Discrete element modelling of lateral displacement of a granular assembly under cyclic loading

Abstract Railway ballast is an unbound granular medium which undergoes non-uniform lateral spread when subjected to high-frequency cyclic loading. In order to simulate the lateral spread of ballast upon loading, a modified large-scale process simulation test (PST) apparatus with five independent movable plates of equal height forming one of the side walls has been built at University of Wollongong, Australia. However, the experiments alone cannot provide a comprehensive study of the lateral flow of ballast in a micro-mechanical perspective. The discrete element method (DEM) has therefore been used to complement the modified large-scale PST apparatus and to provide much needed micro-mechanical insight to the lateral flow of aggregate particles, such as the contact force distribution, particle movement and porosity change. The simulation results provided acceptable predictions of the trend of vertical and lateral displacements of two-ball clump assembly upon loading.
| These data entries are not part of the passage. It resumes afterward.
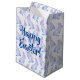 Blauer und lila Geschenksack wünscht ein glückliches Ostern.
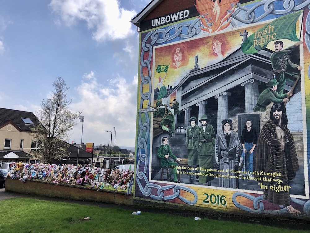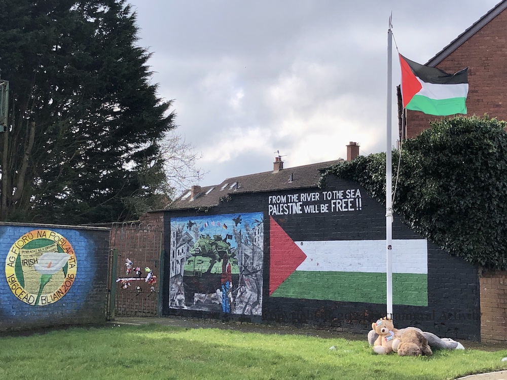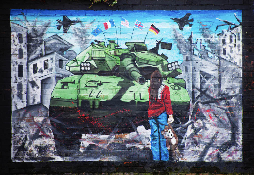 The F-16 jets and rubble and child with teddy-bear are the same as in the We Stand With Palestine mural in Ardoyne.
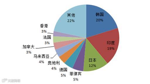 从出口总量看,2015年我国太阳能电池出口量最大的是韩国,占出口总量的20.18%。印度、日本分列第二、三位,分别占出口总量的18.7%及12.49%。而从出口的单价看,我国向美国、荷兰出口的太阳能电池平均价格分为126.19美元以及123.63美元,说明出口以整套组件为主;对日本出口的平均价格中等,为42.28美元;出口到印度的单价偏低,为11.47美元;而出口到韩国的单价仅2.96美元,说明出口以零部件为主。
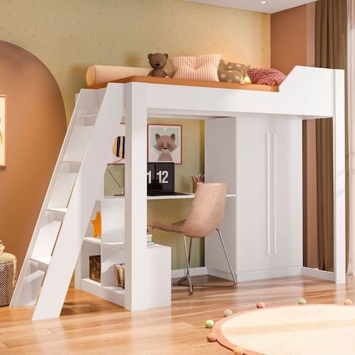 A Cama Office Vivace é a solução ideal para quem busca funcionalidade e design inteligente em um só móvel. Pensada especialmente para ambientes infantis e juvenis, ela combina conforto, organização e praticidade em um layout moderno e compacto. Com escrivaninha integrada e nichos organizadores, a Cama Vivace cria um espaço de estudos funcional, perfeito para incentivar a concentração e a criatividade no dia a dia. Seu roupeiro com 2 portas conta com cabideiro interno e puxadores em MDF, proporcionando armazenamento eficiente com um toque de sofisticação. Fabricada com estrutura em MDP de 1,5 cm, a Cama Office Vivace oferece resistência e durabilidade, com acabamento de qualidade que remete à marcenaria, unindo beleza e robustez em cada detalhe. Acabamento da Porta: Melamínico Acabamento da Prateleira: Melamínico Acabamento dos Pés: BP Acompanha Cama Auxiliar: Não Acompanha Colchão: Não Altura do Estrado até o Chão: 136,5 cm Altura dos Pés: 1,5 cm Altura Máxima dos Pés: 1.5000 Ambiente Principal: Quarto Infantil codigo_ean: 7900288196736 Complexidade da Montagem: Alta: deve ser montado por um montador especializado Cor: Branco Cor do Produto: Branco Cor Flex: Não Escala de Brilho: Semi-Brilho Escala de Brilho da Porta: Semi-Brilho Escala de Brilho da Prateleira: Semi-Brilho Extensível: Não Informações Complementares: - Fazer uma verificação mensal e realizar o reaperto dos parafusos do produto, caso necessário. - Proibido pular sobre as camas. - O produto destina-se ao uso de uma pessoa por cama sempre. O produto jamais deverá ser utilizado por mais de uma pessoa por cama Itens Inclusos: 1 Cama, Kit Ferragens e Manual de Montagem Linha ou Coleção: Vivace Manual de Montagem e Instalação: https://product-hub-prd.madeiramadeira.com.br/311400213/documents/de3c13b6-c462-4a60-921d-209539bded9e3080925390317528563293062.pdf Marca: DRD Móveis Material da Porta: MDP Material da Prateleira: MDP Material do Estrado: Madeira Multilaminada Material do Puxador da Porta: MDF Material dos Pés: Plástico Material Principal: MDP modular: Não Montagem Flex: Não Necessita Montagem: Sim Origem do Produto: Nacional Permite a Utilização de Cama Auxiliar: Não Peso: 104,5 kg Peso Máximo por Prateleira: 3 kg Possui Baú: Não Possui Casinha: Não Possui Escrivaninha: Sim Possui Estante: Sim Possui Gavetas: Não Possui iluminação: Não Possui Pés: 04 Possui Rodízio: Não Possui Telhado: Não Recomendações de Uso, Manutenção e Limpeza: Limpar com pano umedecido, sem adição de produtos químicos. Sapatas Niveladoras: Não Sistema de Montagem: Profissional Qualificado Suporta Até (kg): 200 kg Tamanho da Cama: Solteiro Tamanho do Colchão Indicado (L x C): 88 x 188 cm Tipo de Cama: Cama Alta Tipo de Colchão: Solteiro Tipo de Dobradiça/Corrediça da Porta: Metálica Tipo de Estrado: Fixo Tipo de Porta: Bater Tipo de Puxador da Porta: Externo Marca: Não Informado

In addition, these simulations evaluate the effect of confining pressures (10–30 kPa) due to the crib and shoulder ballast, on vertical settlement and the lateral spread of ballast under high frequency cyclic load. The vertical stress decreases significantly with depth from an applied vertical stress of 460 kPa at the sleeper–ballast interface to 210 kPa at the base wall (ballast–subballast interface), which is in agreement with the experimental results. In addition, geogrid model using PFC3D was used in the ballast layer to examine the ability of geogrid on arrest lateral displacement of ballast and reduce settlement under cyclic loading.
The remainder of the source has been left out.